What Are the Causes Linked to Pseudostrabismus?
Pseudesotropia is seen in infants with a wide nasal bridge and the presence of small epicanthic folds in the middle canthus region surrounding the eyes. Epicanthal folds are skin folds on either side of the lateral part of the nose that is directed inwards. Patients with a smaller distance between the two pupils also show esodeviation (inward movement of eyes). It occurs due to the face's morphology change, such as the size and shape of the orbits, globes, retrobulbar tissue, and volume.
A negative kappa angle also initiates pseudoesotropia.

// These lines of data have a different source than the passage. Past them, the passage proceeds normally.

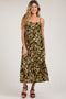 A floral print maternity dress with a sweetheart neckline, puff sleeves smocked back and ruffle hem. Dress is double lined.
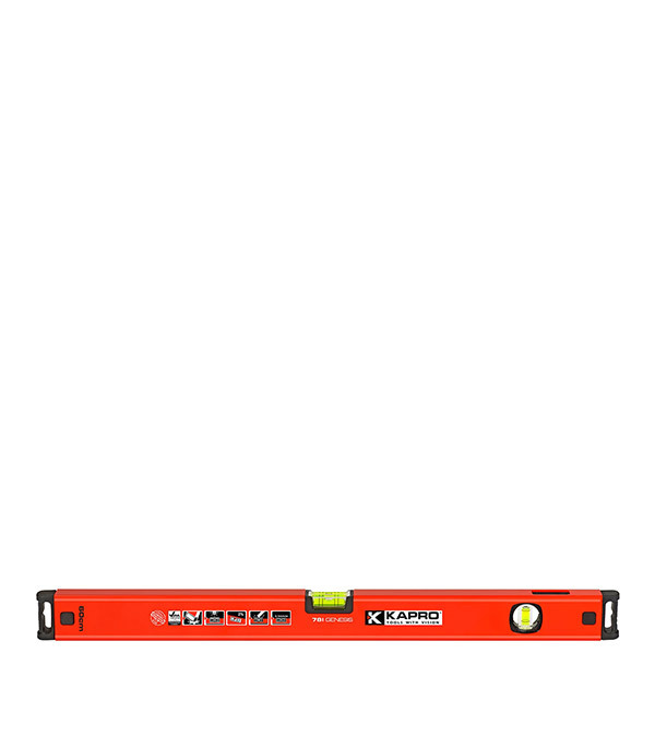 Уровень Kapro используется для строительных и отделочных работ. Предназначение данного прибора — определение отклонений поверхностей и различных конструкций от горизонтали или вертикали. Все уровни бренда Kapro имеют высокую точность и надежность. Легкий и прочный алюминиевый корпус с ребрами жесткости и фрезерованной рабочей поверхностью обеспечивает долгий срок службы. Резиновые выносные элементы торцевых заглушек, выполняют противоскользящую функцию на гладких поверхностях (металл, стекло, кафель). Запатентованная технология нанесения разметки (линий) внутри колбы — гарантия точности показаний. Так же имеются дополнительные риски, что обеспечивает измерение уклона в 2%. С запатентованной системой Plumb Site® Dual-View™ в конструкции уровня можно удобно и быстро проверить вертикальные отклонения: достаточно одного взгляда в прямой смотровой паз. Надежное крепление колб на эпоксидную смолу, а сами колбы выполнены из полиакрила устойчивы к ультрафиолетовым лучам. Материал колб устойчив к механическим воздействиям и растрескиванию при случайных падениях. Все уровни бренда Kapro проходят электронное тестирование колб и электронную калибровку точности.
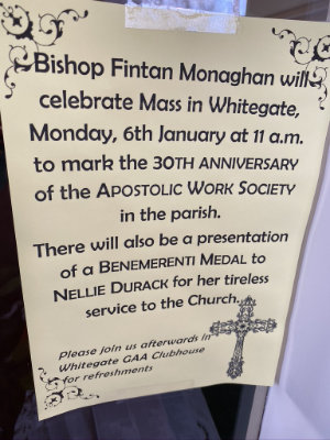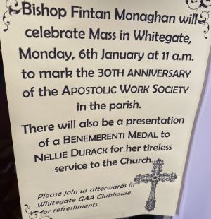 Congrats to Nellie Durack who received a Bene Merenti Medal for outstanding and dedicated service and Maisie O’Rourke whose work was recognised as a founder member of the Whitegate Apostolic Work Society in Killaloe Diocese on Monday, January 6th at a special ceremony in the Church there. Many family members along with parishioners, school children from Lakyle NS and various other Apostolic Work Societies were in attendance.
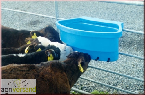 JFC Tränkeeimer ist mit 6 Starter Nuckeln / Gummisaugern versehen die so geformt sind, dass der natürliche Saugreflex des Kalbes verstärkt wird. Diese Tränkeeimer sind vor allem dazu entwickelt worden, um mehrere Kälber gleichzeitig trinken zu lassen.
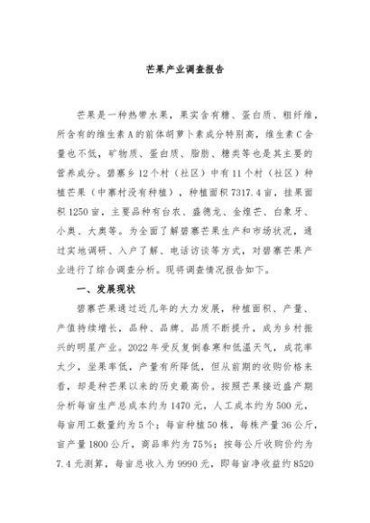 【七哥公文】2024年:芒果产业调查报告+更多免费公文+VX:QiGeGongWen2024
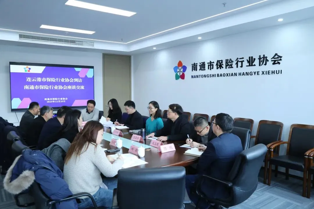 12月25日,连云港市保险行业协会党支部书记、专职副会长郄宗元,副秘书长(主持工作)孙竹松及内设部门负责人一行,到访南通市保险行业协会座谈交流。南通市保险行业协会秘书长汪亚兵、副秘书长曹宇坤及内设部门负责人参加座谈。南通金融监管分局保险监管科科长蔡希晞出席会议。

The Kappa angle is the difference between the pupillary axis and the visual axis. Pseudoexotropia, on the other hand, occurs due to hypertelorism (the distance between the two eyes is large). Diseases of the retina cause an ectopic shift of the macula (the back portion of the retina) temporally, stimulating exotropia. Retinopathy of prematurity also causes a positive kappa angle, eventually leading to pseudoexotropia. Pseudohypertropia is seen in facial asymmetry, where one eye appears higher than the other. It is caused because of the presence of a tumor on the orbital floor, retraction of the eyelid, or asymmetry of the eyelids.
What Are the Risk Factors for Developing Acquired Pseudostrabismus?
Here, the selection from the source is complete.